Can Extending Your Hours Increase Business?

Many independent restaurants are opening earlier and staying open later in hopes of driving additional business. Some experts say this is an excellent way to boost revenue without increasing fixed costs, especially in college towns where late night diners and drinkers can bring in a major boost to your business.. On the other hand, others claim that earlier and later hours simply increase variable costs like utilities for the additional hours and additional pay for employees who work those extra hours. Also, if your restaurant is open on a Sunday or a Monday, traditionally you don’t see that much early or late business anyway. So who is right? How do you know what is best for your business?

Let’s look at some factors that may have a strong influence on your traffic during peak hours to help you decide if extending hours is right for your business.

Demographic Appeal: Who Are Your Most Frequent Customers?

Do you typically have a midday rush with light evenings and no late night? Or are your slow most of the day and then frantically busy from dinnertime til closing as crowds ebb and flow through your doors? Your traffic pattern will largely depend on your demographic, so you need to get a solid idea of what kind of customer is coming in during peak business hours in order to determine whether opening earlier or later is a good idea. If you tend to see boosts in traffic from noon until dinner or later, you are more than likely catering to a younger demographic of young professional and college-age customers.

Many of these diners skip breakfast and eat lunch or dinner out, and of course often extend dinner longer to include drinks with friends.

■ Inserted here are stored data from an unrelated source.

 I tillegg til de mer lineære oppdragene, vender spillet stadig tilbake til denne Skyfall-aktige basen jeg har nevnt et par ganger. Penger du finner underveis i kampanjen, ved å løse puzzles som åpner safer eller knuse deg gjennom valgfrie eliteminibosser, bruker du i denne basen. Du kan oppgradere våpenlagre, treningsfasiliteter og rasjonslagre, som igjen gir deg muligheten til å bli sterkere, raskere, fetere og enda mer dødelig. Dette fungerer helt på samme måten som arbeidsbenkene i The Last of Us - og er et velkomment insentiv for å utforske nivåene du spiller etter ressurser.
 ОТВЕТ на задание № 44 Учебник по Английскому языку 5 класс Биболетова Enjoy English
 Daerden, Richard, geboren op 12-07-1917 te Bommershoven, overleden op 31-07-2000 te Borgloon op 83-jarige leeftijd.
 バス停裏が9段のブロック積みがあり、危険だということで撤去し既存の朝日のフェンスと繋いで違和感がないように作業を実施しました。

This is the crowd that weekdays and weekends routinely stays our until 3 AM sometimes as their class or work schedule allows, so staying open later is definitely your best option if you want to maximize your business with that crowd. However, if your customers tend to be older, stop in for breakfast regularly and never miss a Sunday brunch, you are more than likely getting most of your business from the older professional and retiree crowd, and earlier mornings are definitely in order. Once you’ve established where most of your revenue comes from, you can adjust hours accordingly.

Profitability: Is The Extra Business Worth The Variable Cost?

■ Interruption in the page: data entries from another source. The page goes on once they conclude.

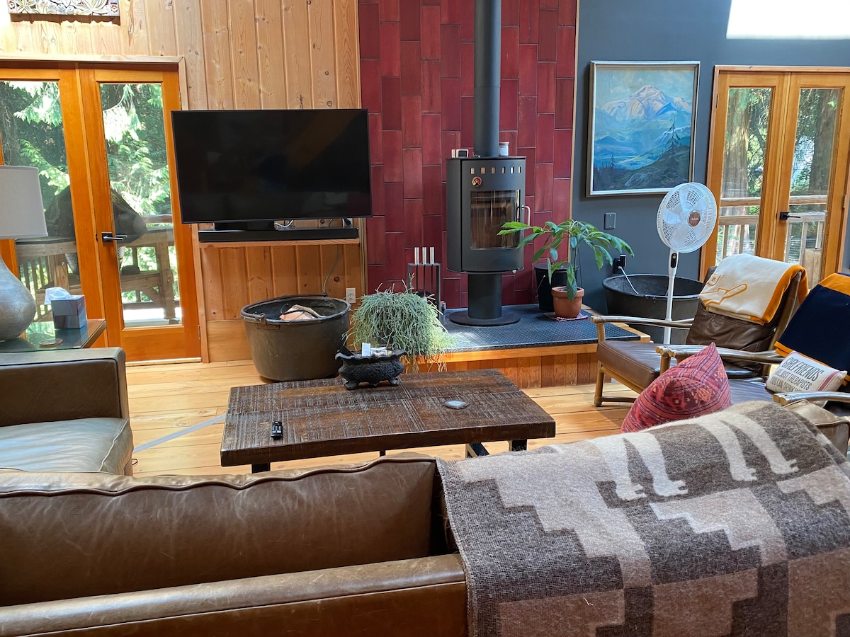 Mi hogar está realmente enclavado entre los árboles de hoja perenne. El espacio habitable está encaramado en el segundo y tercer piso con un porche, vigas expuestas y madera en todas partes, y enormes ventanas y tragaluces, dándote la sensación de estar en una casa del árbol (nuestro apodo para esta propiedad). Es escarpado y grandioso, inspirador y modesto. En el exterior, la casa está rodeada de Western Red Cedar, Doug Fir, helechos y Salal. Cultivo un huerto en el verano y crío algunos pollos, ¡todo tuyo para disfrutar!
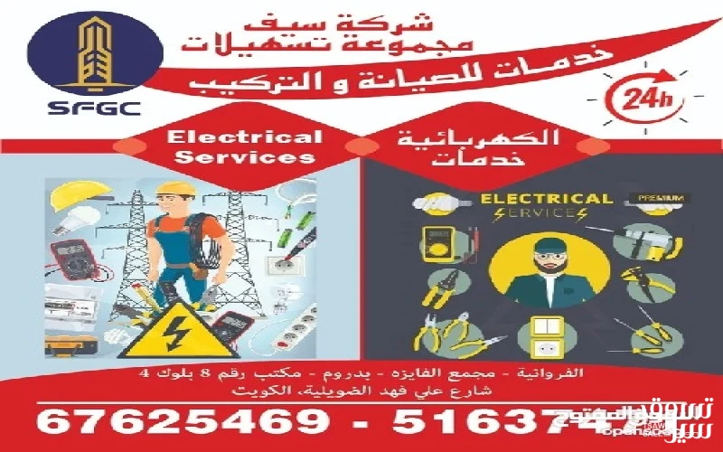 خدمات الصيانة والتركيب الكهربائي. تشمل عملية تركيب الأجهزة والأنظمة الكهربائية الجديدة، بما في ذلك الأسلاك، والقنوات، ولوحات التوزيع، والإضاءة، ومنافذ الطاقة. تشخيص وإصلاح المكونات والأسلاك والمعدات المعيبة. سكني:
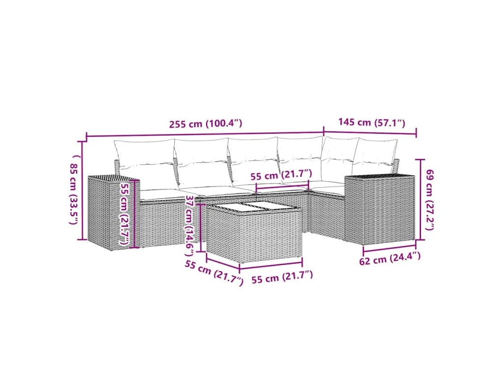 Tato zahradní sedací souprava je dokonalým doplňkem vaší zahrady, terasy nebo dvorku a poskytne vám pohodlné a příjemné místo, kde si můžete povídat s rodinou a přáteli nebo jen tak odpočívat a užívat si pobyt venku.
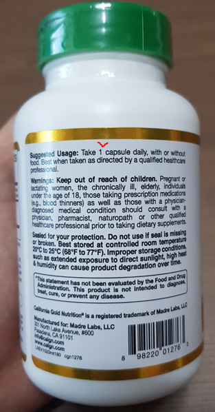 이렇게 한통에 캡슐 180정이 들어있다.

Owners will need to sit down and look over their books and bills to make this assessment. Staying open later may drive up traffic and sales, but it has to bring in cash after the bills and payroll are done, or else this strategy is costing you additional money instead of earning. If it balances out in your favor to open earlier or later because traffic is up during that time, then you absolutely need to take advantage of those opportunities, but keep in mind that major franchises and fast food chains offer extended hours because they can absorb the hit on the back end. Make sure you don’t have any hits to absorb by making certain that you determine what your variable costs are going to be after the change before you actually swap out the hours on your sign.

Tracking: Do You Have Systems In Place To Track Your Business Progress?

Before making major changes to your operation like extended hours, you need to make sure you have a system in place to verify that you are seeing an increase or decrease in business. Most point-of-sale systems have revenue tracking, but make sure you are doing daily reports and comparing them to track trends. There is no way to verify if your change is having the desired effect without cutting into profits unless you have a way to empirically verify that data on paper.

Ultimately, extending your hours is a controlled risk: you may see a drastic uptick in business from your primary demographic customer base, or you may see a decline in profits due to increased variable expenses. The important thing to remember is to carefully keep track of trends, both increases and decreases, on a daily and weekly basis. If extended hours end up being more hurtful than helpful to your business, then you need to make a course correction as soon as possible in order to minimize your losses. Be sure to give your customers time to adjust to the extended hours as well before making a decision about fishing or cutting bait on extended hours. Word gets around, but sometimes it can take a little while for your regulars to come around.  Also, if providing service during different hours ends up hurting your business, then by all means call it quits, even if you feel that being open later or earlier is helping you boost sales.

This operational decision should always be based on your numbers instead of gambling on instinct and feelings, and you will make the right call so long as you focus on that guiding principle. In the independent restaurant business, facts trump feelings every time.